Thursday, February 5, 2015

In the words of Harley King, "One must give himself completely to his art and not hold back. Throw caution to the wind. Embrace the muse. Make love to your art.”

She needs a muse. Someone to watch, to wonder about day in and day out. To feel for and just be stunned by and surprised by. 

To turn her eloquence into thoughts of wordless blankness as she just tries to process what it meant when her muse just smirked at her the way he just did.

A subject that will just melt her into a puddle of oh-my-god's and what-just-happened's and no-one-can-see-the-look-on-my-face-right-now-right?'s. 

A boy, nay, a man (as she would correct herself and declare for emphasis) who she needs to sit down and think about. Find just the right words to describe who this man is, what he wants out of life, what he's experienced.

Maybe find the right words to figure out what it is she wants from him.

He doesn't need to stupefy her every moment of the day by being a god among men (though, she wouldn't frown upon it). As long as he's around to remind her of what it's like to feel.

Remind her what the high is of being forbidden, or being her secret. What the low is of the hurt, the way she feels even more alone when she's alone because now she knows what it's like to be next to him.

And then she'll go home and breathe for a moment or to, then let herself totally explode all over the pages of her notebook. Her awe of him takes up a line or two, then the adrenaline she feels, how she is physically driven to be near him. Paragraphs and paragraphs about how she's driven, how it's not exactly sparks flying. It's a little more like an electric current.

It's not as if she knows she is going to meet him or that she is looking to. But after the first lapse in judgement, the slip up that he will be there to create, there will be no rescinding the invitation into her mind. His name will just embedded in her brain, shooting off its own synapses. He embodies pure, unadulterated dopamine, in total dysfunction with her brain's inner workings.

Monday, February 2, 2015

I don't think this much caffeine is very healthy.

Scrubbing the shower tiles until 4am was so incredibly unnecessary.

But I did, and my house is going to be and stay pretty because of me. Someone has to care about the way this place looks.

I think the dryer is broken though. Just like everything else. I couldn't go to class today. My bus isn't running on schedule and all the sidewalks are iced over. It's really dangerous for me to leave my house.
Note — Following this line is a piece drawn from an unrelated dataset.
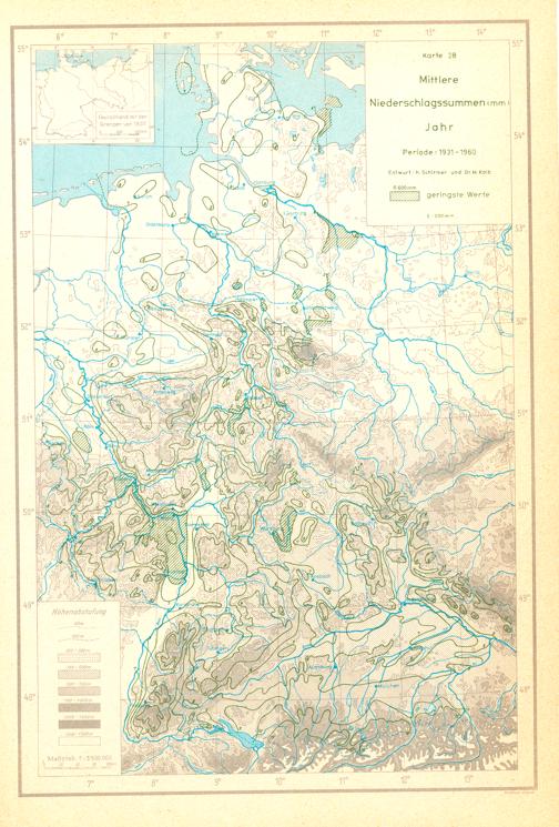 Langjährige Monats- und Jahresmittel der Lufttemperatur und des Niederschlags in der Bundesrepublik Deutschland für die Periode 1931 - 1960 : (mit 3 Tabellen im Anhang) / von Hans Schirmer

Of course, I'm still going to work today. I'm a mess. I'm also incredibly broke. Because even though I'm very proud of the fact I pay for everything on my own-100% tuition all me, no scholarship, no loan, no parental help-my bank account still hurts.
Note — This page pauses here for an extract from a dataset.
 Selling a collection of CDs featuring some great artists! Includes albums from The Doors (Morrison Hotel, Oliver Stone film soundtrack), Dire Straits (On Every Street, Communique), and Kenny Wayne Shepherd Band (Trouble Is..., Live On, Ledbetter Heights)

I mean, whatever though because I'm learning all the things I need to. I signed up for a third class on Friday (that I wasn't able to attend today unfortunately) and they won't let me take a fourth, academic probation (means I can't take more than 13 credits at a time) and all that. I also signed up for some online courses to bide my time. Because if I'm at school or at work and I finish studying, I'm on my laptop. I'm pretty sure all the Netflix and Youtube is going to start rotting my brain if I'm not careful, so I figured I may as well learn some more useful things that will actually help me in life, like using WordPress and about web design. A lot of technology involved thingys to make me more well rounded, especially with convergence and all that.

I'm not very eloquent when I've had as much coffee as I've had today.

Anyway, those online courses aren't even for school. They're outside my college. I started today and they're more fun than any class I've taken in ever except for AP Lit, ninth grade English, newspaper, and seventh grade English.

Not necessarily in that order. AP Lit is probably tied with seventh grade English for the win, newspaper a close second.

So yay, for extra special extra useful learning.

I'm going to go take another stab at my bank account and engage in that super special rip off that is only outdone by the rip off known as tuition. Buying college textbooks.